Das Saarland will den Fonds für die drei I’s nutzen: Industriepolitik, Infrastruktur und Innovationen. Ist das vernünftig?
TRUGER Das sind alles Bereiche, die im weitesten Sinne zukunftsgerichtet und investiv sind. Wenn das gut gemacht wird, fällt später etwas Positives ab.
Der Finanzminister hat in seiner Regierungserklärung gesagt: „Die durchschnittliche Rendite der beabsichtigten Investitionen ist trotz steigender Zinsen deutlich höher als die Zins- und Tilgungslast der Verschuldung.“Welche Form kann diese Rendite annehmen?
TRUGER Es ist nicht so, dass der Staat investiert und dann Rückzahlungen wie bei einer Verzinsung erhält. Rendite kann ganz viel sein: vermiedene Zahlungen, Klimaneutralität, bessere Schulen und Infrastruktur, aber auch eine gelungene Transformation mit einer stärkeren Wirtschaft. Wenn man hinterher eine größere
Wirtschaft hat, kommt am Ende gesamtwirtschaftlich ein Gewinn heraus. Die Schuldenstandsquote – also das Verhältnis von Verschuldung und Wirtschaftsleistung – wird dadurch geringer und der Staat kann auch die Zinsen leichter zahlen.

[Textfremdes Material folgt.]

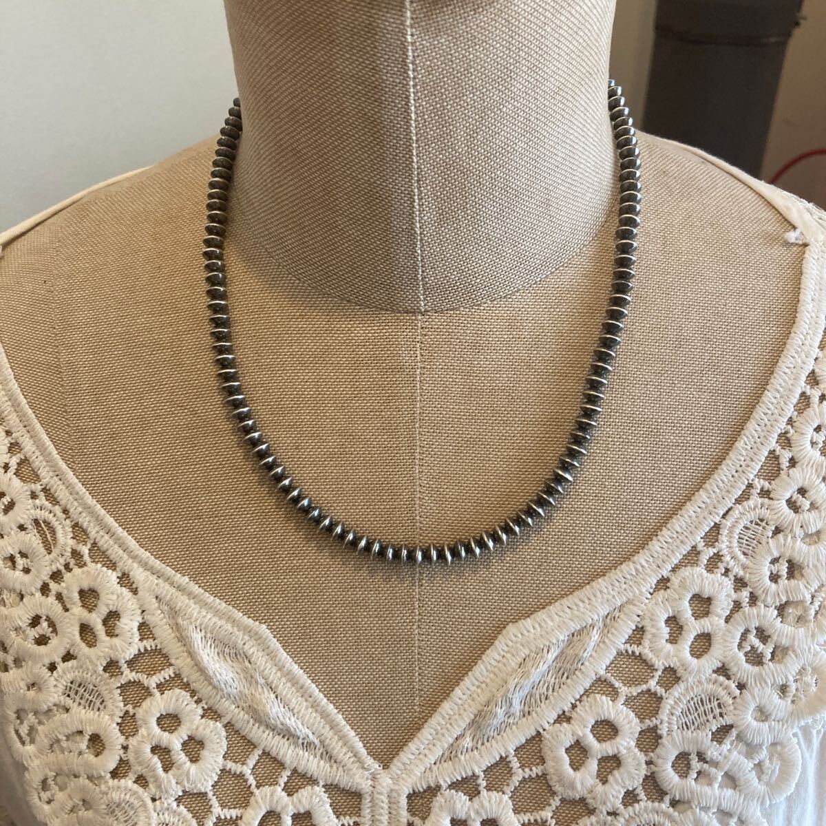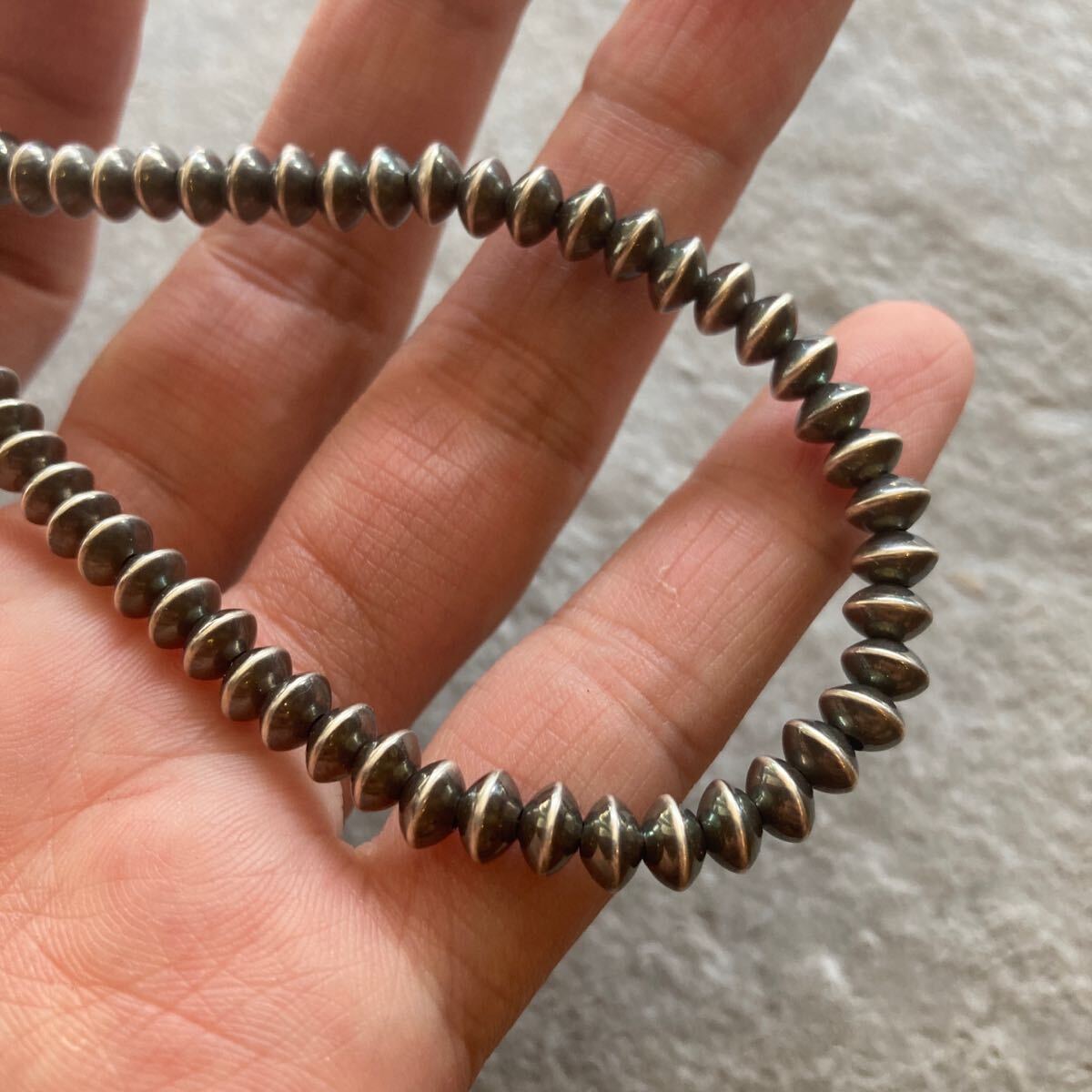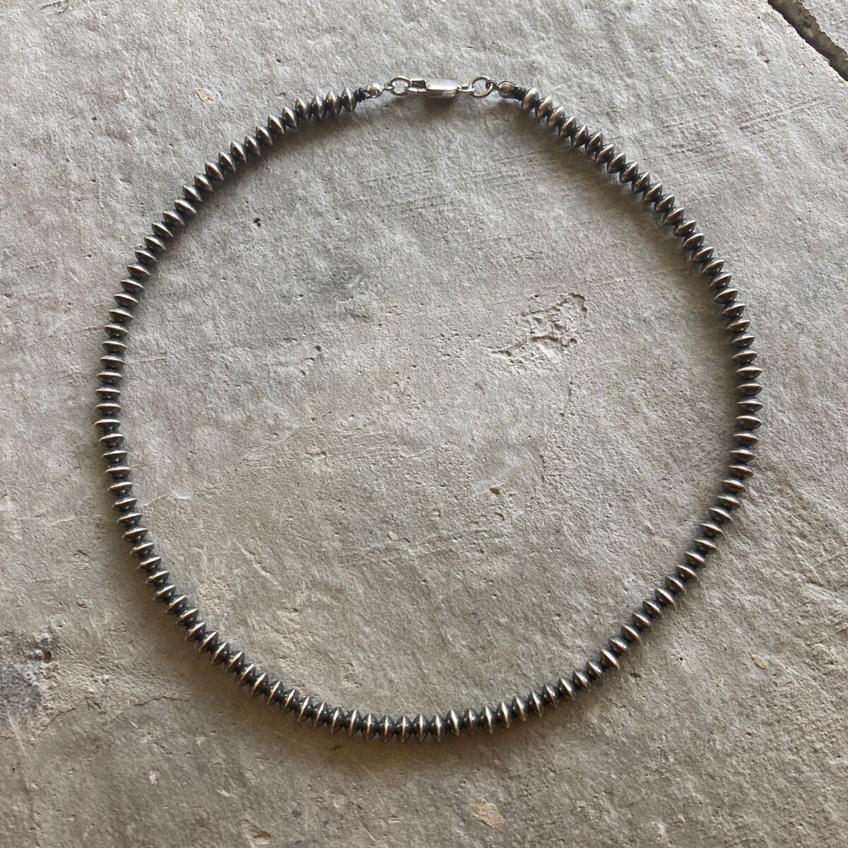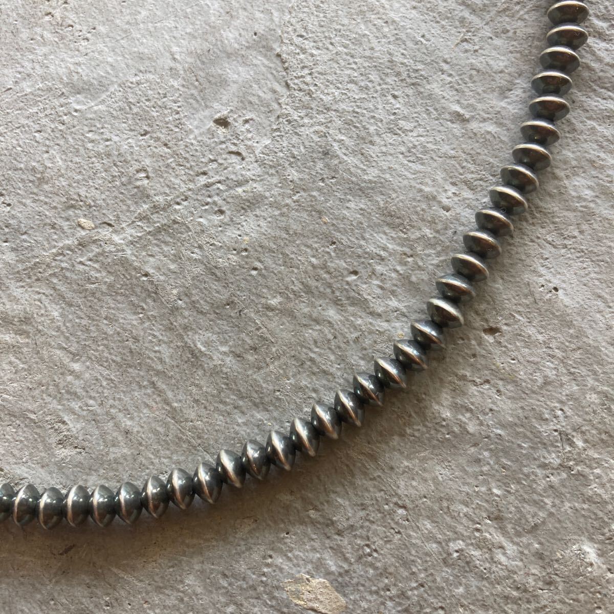 こちらは、約5.8ミリのソロバン型のナバホパールのみのネックレスです。

Dass die Zinsen für die neuen Schulden, immerhin drei Milliarden Euro, die künftigen Generationen stark belastet wird, befürchten Sie also nicht?
TRUGER Die Zinsausgaben werden nominal natürlich steigen, aber in Relation zur Wirtschaftsleistung könnte die Last am Ende wie gesagt sogar niedriger sein. Außerdem würden die künftigen Generationen natürlich auch dadurch belastet, wenn nicht investiert würde, die Transformation misslingt und es weniger Jobs gibt.
Das erste I steht für Industriepolitik: Wenn das Land mit den Investitionen Neuansiedlungen finanziert, liegt die Rendite auf der Hand: mehr Jobs und damit höhere Steuereinnahmen.
TRUGER Das Saarland hat mit einer schrumpfenden Bevölkerung zu kämpfen, was auch für die Einnahmen des Landes schlecht ist. Wenn es dem Saarland gelingt, Wachstum und damit Beschäftigung zu schaffen und Menschen von außen ins Land kommen, hat das einen sehr positiven fiskalischen Effekt.
Das zweite I ist die Infrastruktur. Wie sieht die Rendite, wenn das Land mit dem Geld eine Schule oder ein Dorfgemeinschaftshaus saniert?
TRUGER Wenn das eine energetische Sanierung ist, fallen in Zukunft weniger Energiekosten an. Eine Schule, die verfällt, verursacht auch Kosten. Und gut ausgebildete Arbeitskräfte sind wichtig. In Hessen mussten mal Wochen vor den Sommerferien Schulen wegen Einsturzgefahr geschlossen werden. Das hat sicherlich keine positive Rendite.
Gehen Sie davon aus, dass andere Bundesländer dem saarländischen Beispiel folgen werden?
TRUGER Ich kann mir vorstellen, dass das Saarland Nachahmer finden wird. Und zwar deshalb, weil die Transformation auch für andere Bundesländer Herausforderungen schafft und viele das nicht aus dem laufenden Haushalt schultern können.